1wco

Structural highlights

1wco is a 2 chain structure with sequence from Lactococcus lactis and Monarthropalpus flavus. This structure supersedes the now removed PDB entry 1uzt. Full experimental information is available from OCA.
Related: 1aj1, 1mqx, 1mqy, 1mqz, 1qow, 1w9n, 2dde, 2ktn, 2kto
Activity: Glucokinase, with EC number 2.7.1.2

Publication Abstract from PubMed

The emerging antibiotics-resistance problem has underlined the urgent need for novel antimicrobial agents. Lantibiotics (lanthionine-containing antibiotics) are promising candidates to alleviate this problem. Nisin, a member of this family, has a unique pore-forming activity against bacteria.

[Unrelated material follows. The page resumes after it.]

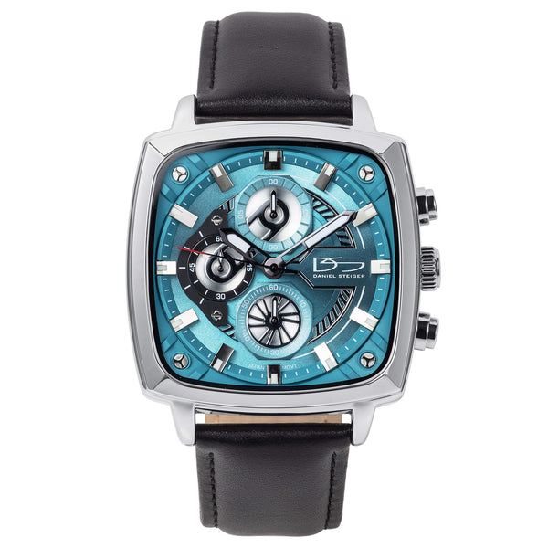 A sleek black leather strap with subtle stitch detailing adds a refined touch, seamlessly complementing the watch’s bold square case. The standout feature of this timepiece is the striking chronograph dial in teal. Each dial is intricately designed to capture attention, making it as much a statement of style as it is a tool for precision. Whether you’re in a business meeting or enjoying a casual day out this watch ensures you’re always on time and always turning heads.

It binds to lipid II, the essential precursor of cell wall synthesis. As a result, the membrane permeabilization activity of nisin is increased by three orders of magnitude. Here we report the solution structure of the complex of nisin and lipid II. The structure shows a novel lipid II-binding motif in which the pyrophosphate moiety of lipid II is primarily coordinated by the N-terminal backbone amides of nisin via intermolecular hydrogen bonds. This cage structure provides a rationale for the conservation of the lanthionine rings among several lipid II-binding lantibiotics. The structure of the pyrophosphate cage offers a template for structure-based design of novel antibiotics.

The nisin-lipid II complex reveals a pyrophosphate cage that provides a blueprint for novel antibiotics.,Hsu ST, Breukink E, Tischenko E, Lutters MA, de Kruijff B, Kaptein R, Bonvin AM, van Nuland NA Nat Struct Mol Biol. 2004 Oct;11(10):963-7. Epub 2004 Sep 12. PMID:15361862^[1]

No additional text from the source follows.